BEGIN Records supplied
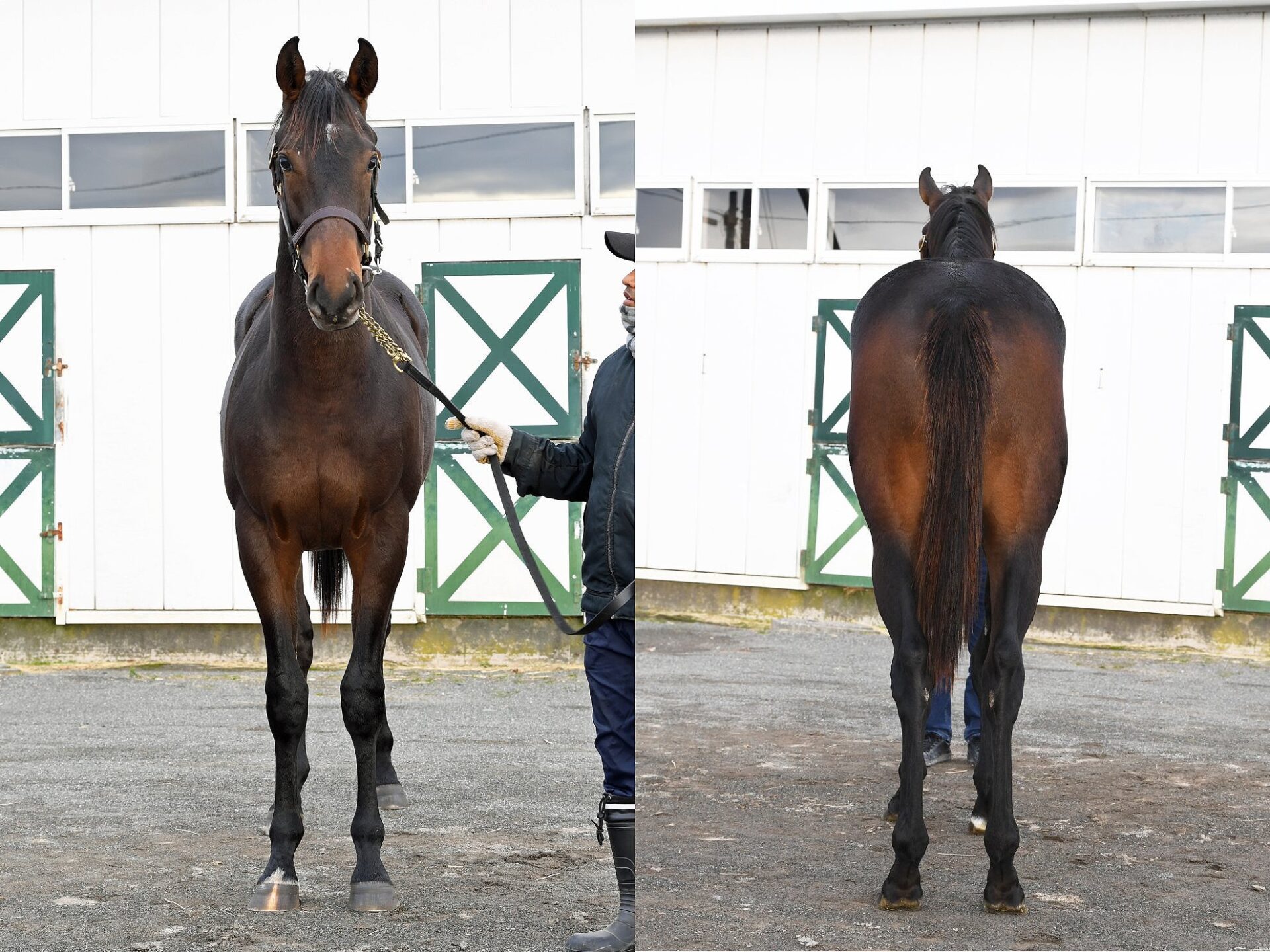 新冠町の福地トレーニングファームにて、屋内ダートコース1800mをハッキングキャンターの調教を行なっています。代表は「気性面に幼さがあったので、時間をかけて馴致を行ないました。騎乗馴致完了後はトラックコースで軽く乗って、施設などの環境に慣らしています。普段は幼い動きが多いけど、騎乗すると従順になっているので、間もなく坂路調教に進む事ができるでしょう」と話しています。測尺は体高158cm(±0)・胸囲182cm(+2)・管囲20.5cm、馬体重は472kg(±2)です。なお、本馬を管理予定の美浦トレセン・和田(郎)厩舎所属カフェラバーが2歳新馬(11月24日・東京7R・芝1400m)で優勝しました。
END Records supplied
BEGIN Records supplied
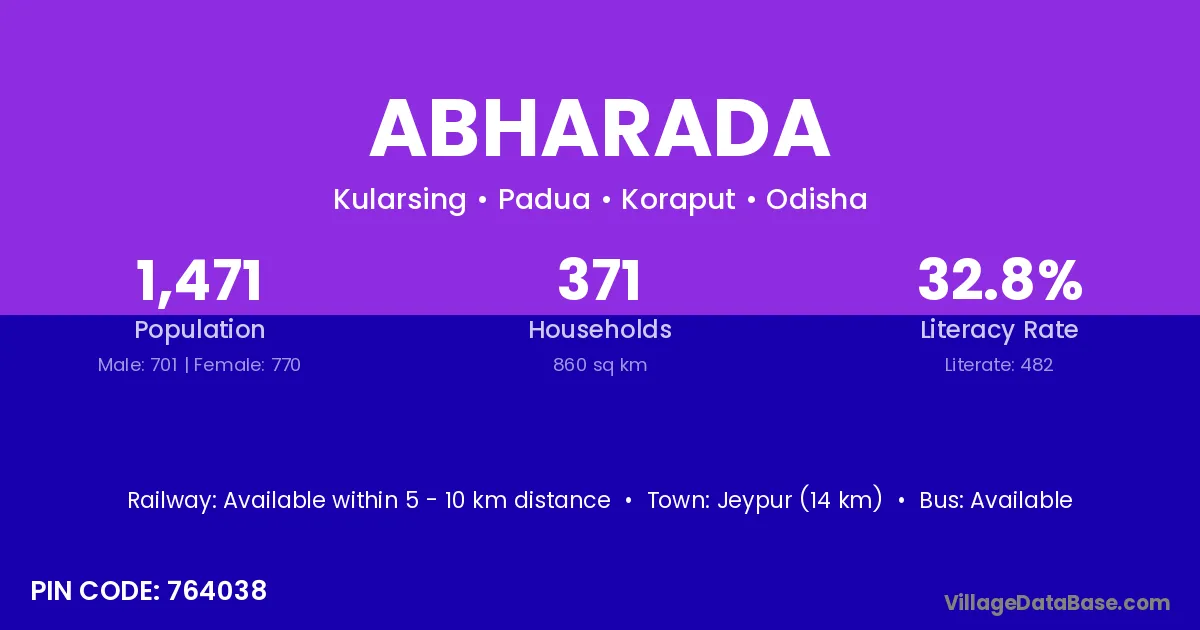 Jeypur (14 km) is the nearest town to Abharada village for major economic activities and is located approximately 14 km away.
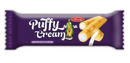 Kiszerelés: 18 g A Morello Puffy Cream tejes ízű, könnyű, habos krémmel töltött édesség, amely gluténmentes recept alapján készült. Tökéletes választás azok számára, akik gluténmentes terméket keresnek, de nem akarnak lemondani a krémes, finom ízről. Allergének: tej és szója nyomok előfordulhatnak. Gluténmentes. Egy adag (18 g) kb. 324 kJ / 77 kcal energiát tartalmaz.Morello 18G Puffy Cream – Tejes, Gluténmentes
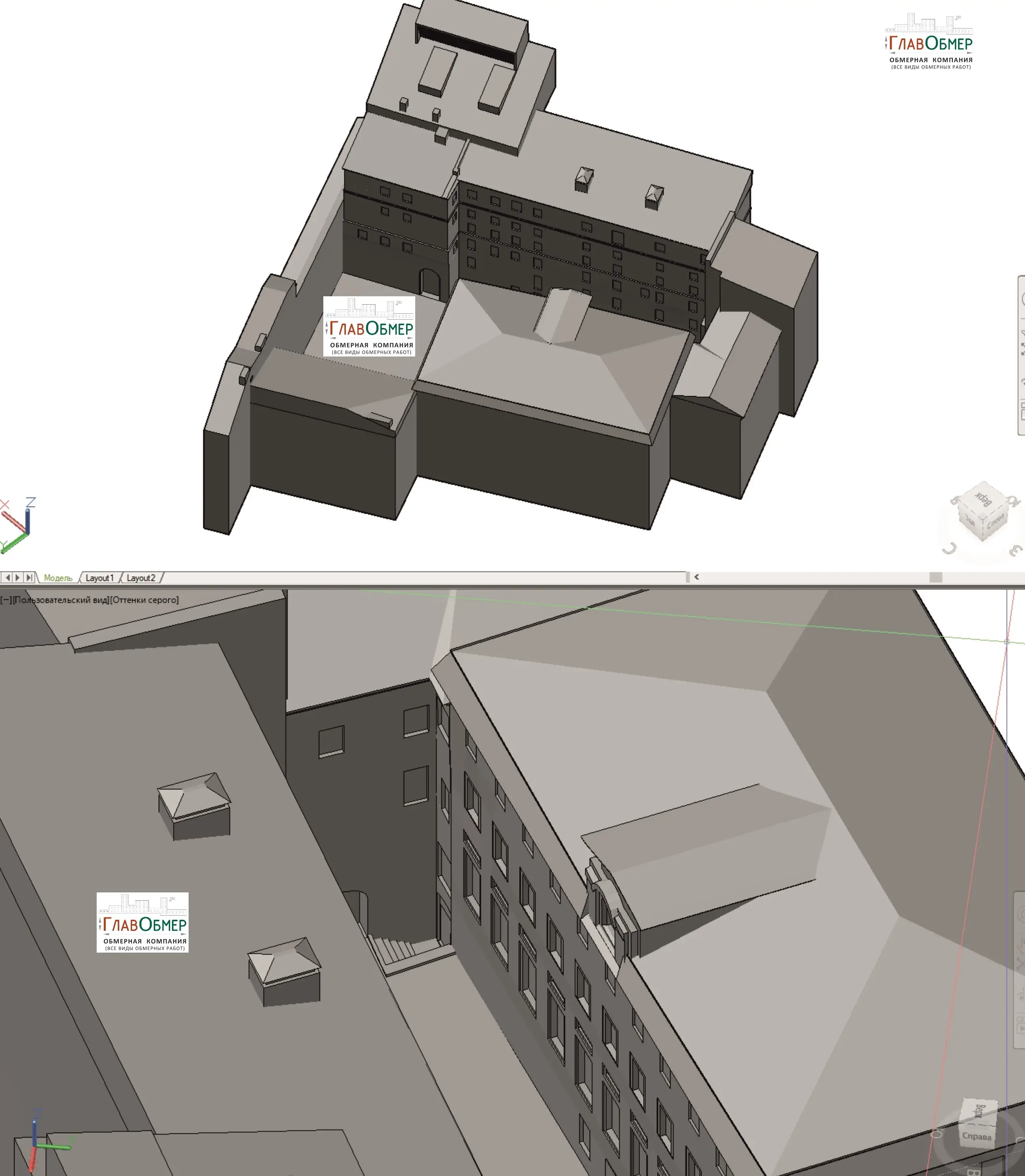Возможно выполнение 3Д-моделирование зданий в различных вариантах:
END Records supplied
BEGIN Records supplied
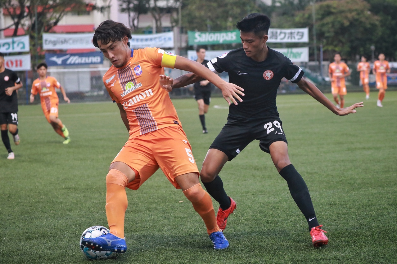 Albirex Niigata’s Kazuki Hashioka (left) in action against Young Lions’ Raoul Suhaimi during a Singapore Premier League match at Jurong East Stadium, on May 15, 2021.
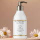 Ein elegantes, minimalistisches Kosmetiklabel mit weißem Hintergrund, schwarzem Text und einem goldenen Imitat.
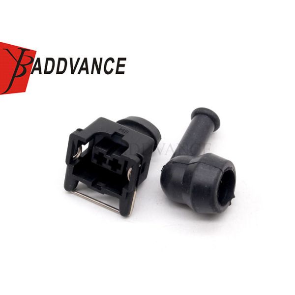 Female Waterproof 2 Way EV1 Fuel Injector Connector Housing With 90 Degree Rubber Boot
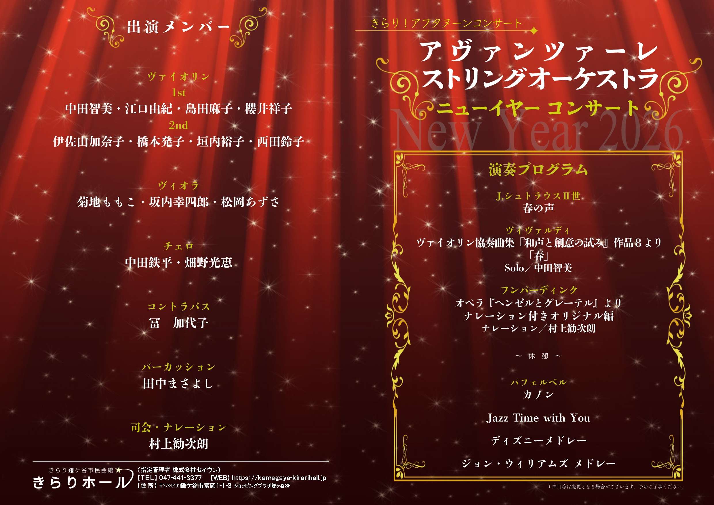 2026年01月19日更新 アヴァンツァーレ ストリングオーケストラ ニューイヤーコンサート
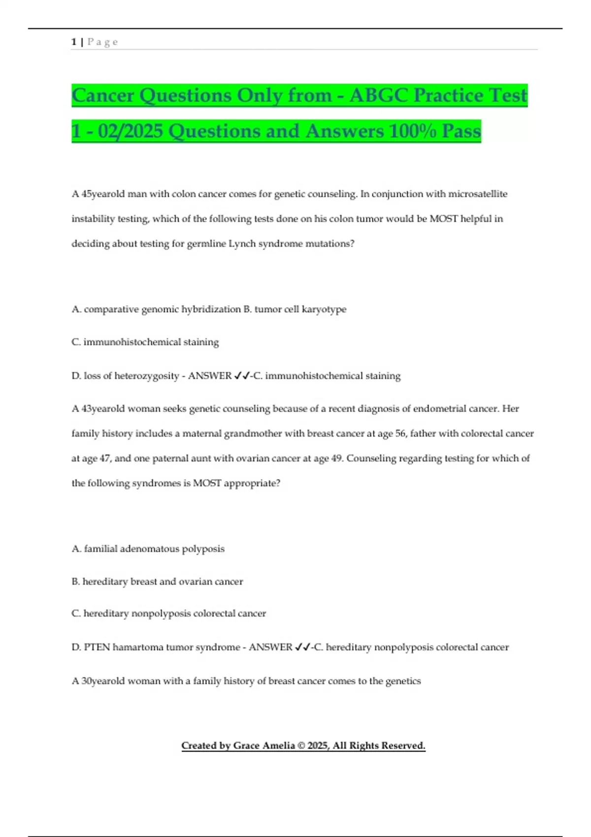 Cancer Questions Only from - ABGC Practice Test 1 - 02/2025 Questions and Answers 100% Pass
END Records supplied
The expected output is the lines above from the one containing "Kiszerelés: 18 g" to the one containing "Возможно выполнение 3Д-моделирование", both ends included, reproduced exactly with every picture left out.

**Solution to this problem:**
 Kiszerelés: 18 g A Morello Puffy Cream tejes ízű, könnyű, habos krémmel töltött édesség, amely gluténmentes recept alapján készült. Tökéletes választás azok számára, akik gluténmentes terméket keresnek, de nem akarnak lemondani a krémes, finom ízről. Allergének: tej és szója nyomok előfordulhatnak. Gluténmentes. Egy adag (18 g) kb. 324 kJ / 77 kcal energiát tartalmaz.Morello 18G Puffy Cream – Tejes, Gluténmentes
Возможно выполнение 3Д-моделирование зданий в различных вариантах:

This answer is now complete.